Folding of periplasmic metallo B lactamase in Salmonella Typhimurium

BRAMBILLA, L.; MORÁN BARRIO, JORGELINA; VIALE, ALEJANDRO MIGUEL

Mar del Plata

Congreso; XLIII Reunión Anual de la Sociedad Argentina de Investigación en Bioquímica y Biología Molecular (SAIB); 2007

Sociedad Argentina de Investigación en Bioquímica y Biología Molecular

Protein biogenesis in all cells is assisted by different protein systems known as molecular chaperones, which prevent aggregation of non-native proteins favoring their productive folding or degradation. Although cytoplasmic chaperones are well characterized, few data exists on folding assistants present in the periplasm of Gram-negative bacteria. We studied periplasmic protein biogenesis using as a model the metallo-b-lactamse (MbL) GOB-18 form Elizabethkingia meningoseptica (Moran-Barrio et al, J.Biol.Chem., 282(25), 2007).

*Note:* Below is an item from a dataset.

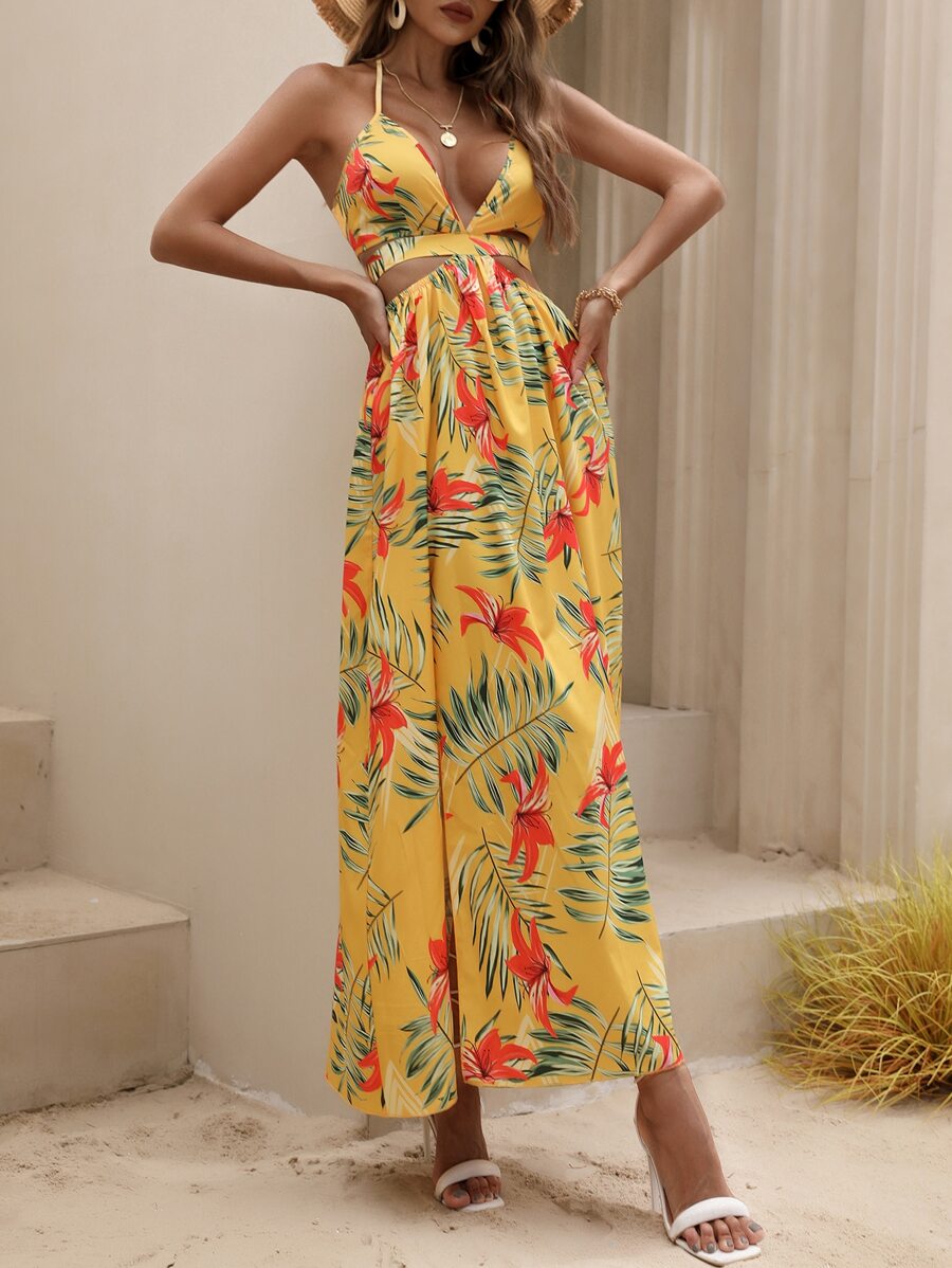 فستان ماكسي طبعات استوائية، بلا ظهر، عنق مستدير مربوط، بشق على مستوي الفخذ للنساء، ملابس شاطئ للعطلة

We expressed the gob gene in Salmonella typhymurium, where the enzyme precursor is correctly processed to its periplasmic native form. Folding assistants were searched by MudJ-based mutagenesis and selected for clones with decreased cefotaxime resistance. From more than 10,000 mutants, five showed reduced antibiotic resistance and were further characterized by growth behavior under normal and stress conditions, SDS-PAGE, Southern-blot, and sequencing analyses. In four insertional mutants we found that the disrupted genes were not directly related to antibiotic resistance. On the contrary, the fifth mutant consistently showed much reduced growth rate under stress conditions, no significance differences in heat stress protein pattern, and an insertional disruption which could account for the reduced cefotaxime resistance phenotype and a MbL folding assistant.